*** Block opens ***

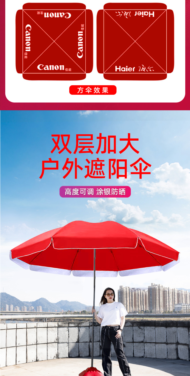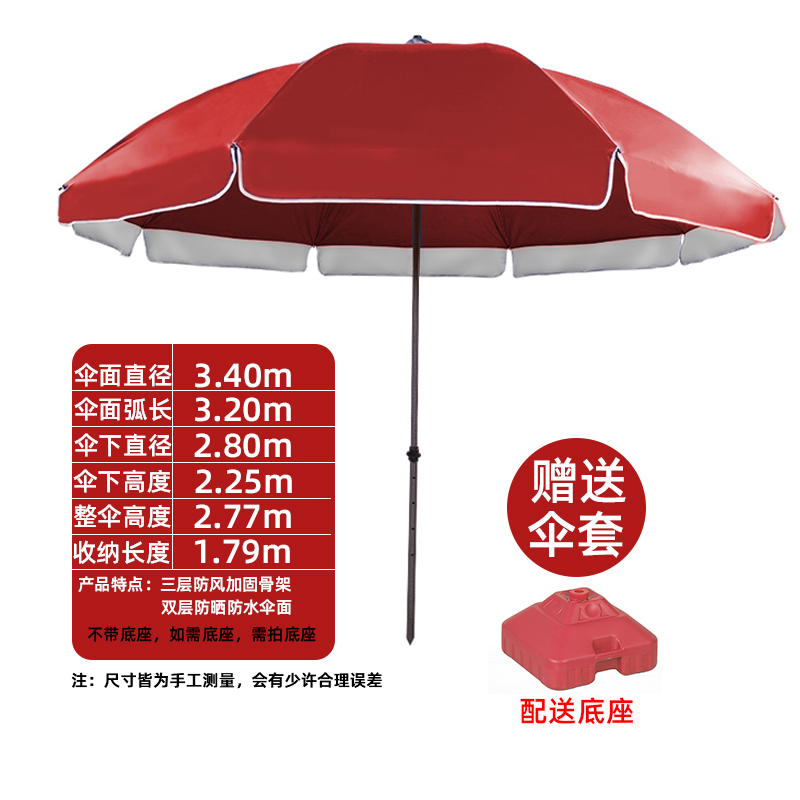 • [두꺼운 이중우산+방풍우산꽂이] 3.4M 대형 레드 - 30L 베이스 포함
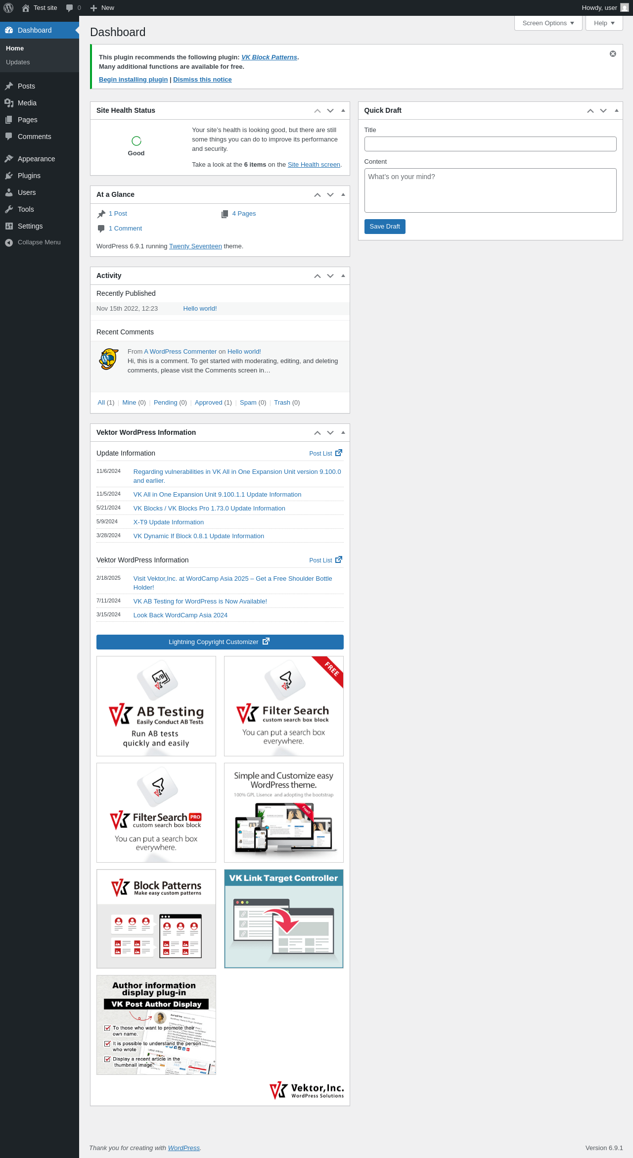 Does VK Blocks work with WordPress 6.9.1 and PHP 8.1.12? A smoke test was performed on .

*** Block closes ***
*** Block opens ***

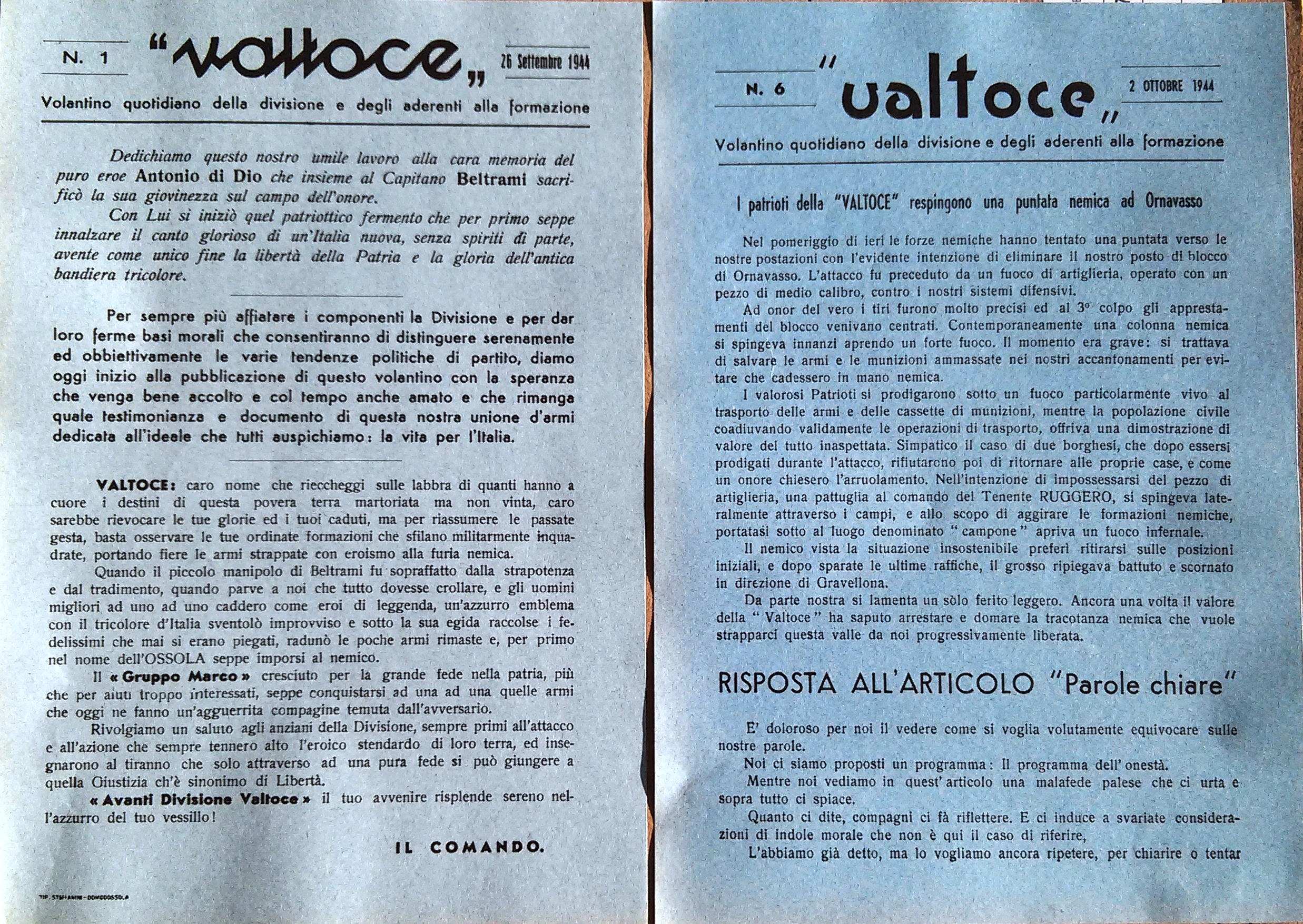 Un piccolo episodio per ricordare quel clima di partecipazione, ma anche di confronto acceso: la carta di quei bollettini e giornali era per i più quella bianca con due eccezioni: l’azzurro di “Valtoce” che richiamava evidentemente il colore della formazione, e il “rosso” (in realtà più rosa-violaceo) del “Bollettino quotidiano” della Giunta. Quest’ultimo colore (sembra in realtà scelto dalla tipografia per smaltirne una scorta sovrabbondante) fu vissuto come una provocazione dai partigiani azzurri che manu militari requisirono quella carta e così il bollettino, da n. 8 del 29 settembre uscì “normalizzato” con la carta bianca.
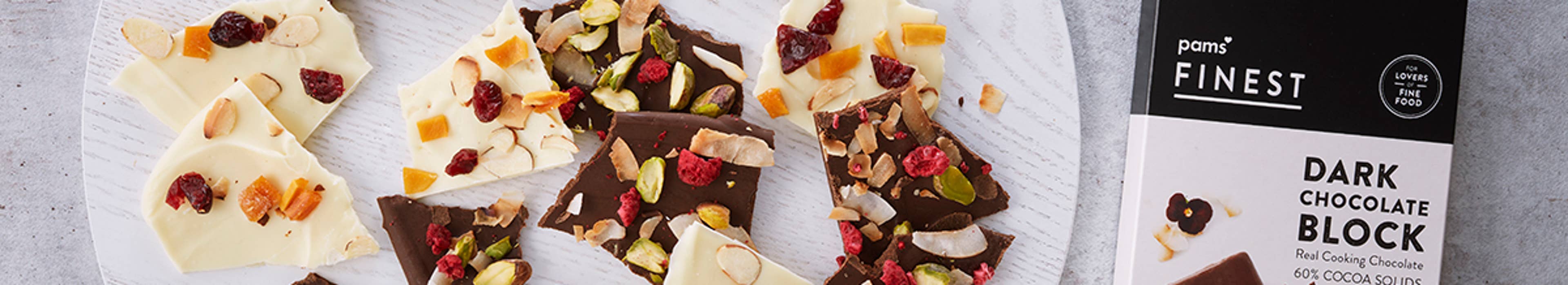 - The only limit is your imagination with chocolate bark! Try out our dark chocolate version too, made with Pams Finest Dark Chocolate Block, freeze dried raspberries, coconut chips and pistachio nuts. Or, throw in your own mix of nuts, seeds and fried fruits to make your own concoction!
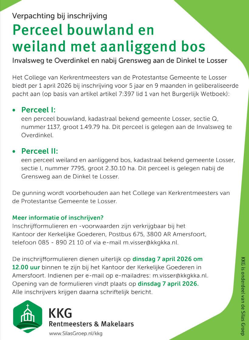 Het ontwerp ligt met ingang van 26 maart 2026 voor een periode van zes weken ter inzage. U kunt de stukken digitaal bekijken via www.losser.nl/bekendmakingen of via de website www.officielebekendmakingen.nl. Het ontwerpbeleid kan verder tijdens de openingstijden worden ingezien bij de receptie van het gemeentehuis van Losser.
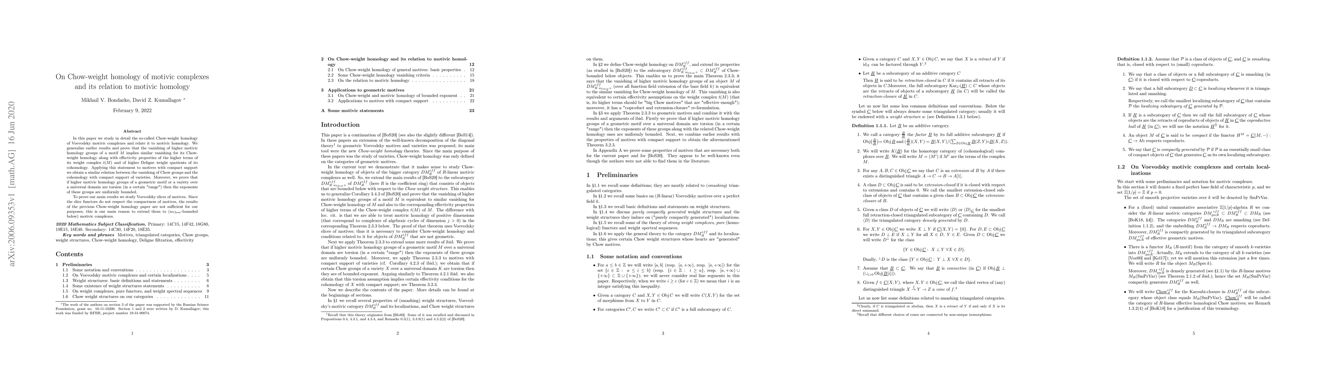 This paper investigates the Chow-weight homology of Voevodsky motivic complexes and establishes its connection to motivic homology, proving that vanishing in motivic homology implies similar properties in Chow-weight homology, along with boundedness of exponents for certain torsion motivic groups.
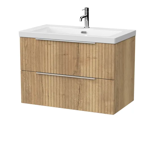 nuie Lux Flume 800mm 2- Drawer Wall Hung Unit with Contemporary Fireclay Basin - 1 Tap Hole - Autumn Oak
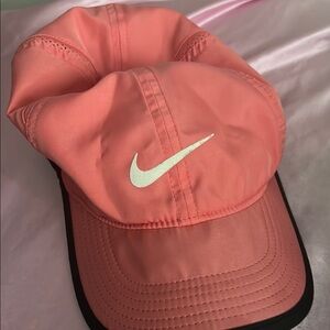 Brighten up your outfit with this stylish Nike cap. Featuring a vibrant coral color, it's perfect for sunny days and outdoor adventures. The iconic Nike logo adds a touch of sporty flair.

*** Block closes ***

* Task to complete *
Nothing but the lines above, starting at the line that contains "- 30L 베이스 포함" and ending at the line that contains "Does VK Blocks", should be given again, exactly and without the pictures.

* Task result *
 • [두꺼운 이중우산+방풍우산꽂이] 3.4M 대형 레드 - 30L 베이스 포함
 Does VK Blocks work with WordPress 6.9.1 and PHP 8.1.12? A smoke test was performed on .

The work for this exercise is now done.